Load the package and data containing the centroids of all 3,108 counties of the contiguous United States:

library(SpatialInference)
library(sf); library(ggplot2)
#> Linking to GEOS 3.11.0, GDAL 3.5.3, PROJ 9.1.0; sf_use_s2() is TRUE
library(lfe)
#> Loading required package: Matrix
library(modelsummary)
#> Version 2.0.0 of `modelsummary`, to be released soon, will introduce a
#>   breaking change: The default table-drawing package will be `tinytable`
#>   instead of `kableExtra`. All currently supported table-drawing packages
#>   will continue to be supported for the foreseeable future, including
#>   `kableExtra`, `gt`, `huxtable`, `flextable, and `DT`.
#>   
#>   You can always call the `config_modelsummary()` function to change the
#>   default table-drawing package in persistent fashion. To try `tinytable`
#>   now:
#>   
#>   config_modelsummary(factory_default = 'tinytable')
#>   
#>   To set the default back to `kableExtra`:
#>   
#>   config_modelsummary(factory_default = 'kableExtra')
data("US_counties_centroids")

ggplot(US_counties_centroids) + geom_sf(size = .1) + theme_bw()

plot of chunk setup

Simulated spatially correlated data

The dataset contains two independently generated spatially correlated noise variables (noise1 and noise2), drawn using geostatistical simulation.
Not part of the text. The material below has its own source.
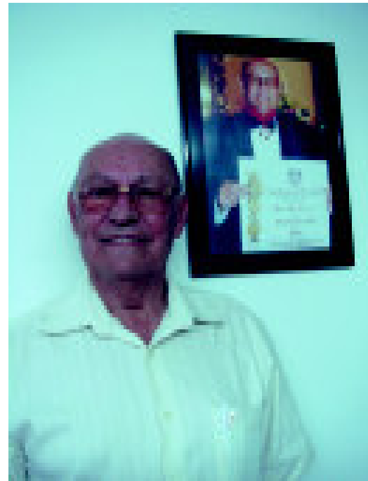
Nesta foto ele posa ao lado de sua fotografia quando recebeu a Medalha de Mérito Empresarial da Academia Brasileira de Arte, Cultura e História

Although drawn independently, both exhibit strong spatial clustering — nearby counties have similar values:

ggplot(US_counties_centroids) + geom_sf(aes(col = noise1), size = .1) + theme_bw()
ggplot(US_counties_centroids) + geom_sf(aes(col = noise2), size = .1) + theme_bw()

plot of chunk unnamed-chunk-2

For comparison, the dist variable is an example of spatial non-stationarity (a spatial trend rather than spatial autocorrelation):

ggplot(US_counties_centroids) + geom_sf(aes(col = dist), size = .1) + theme_bw()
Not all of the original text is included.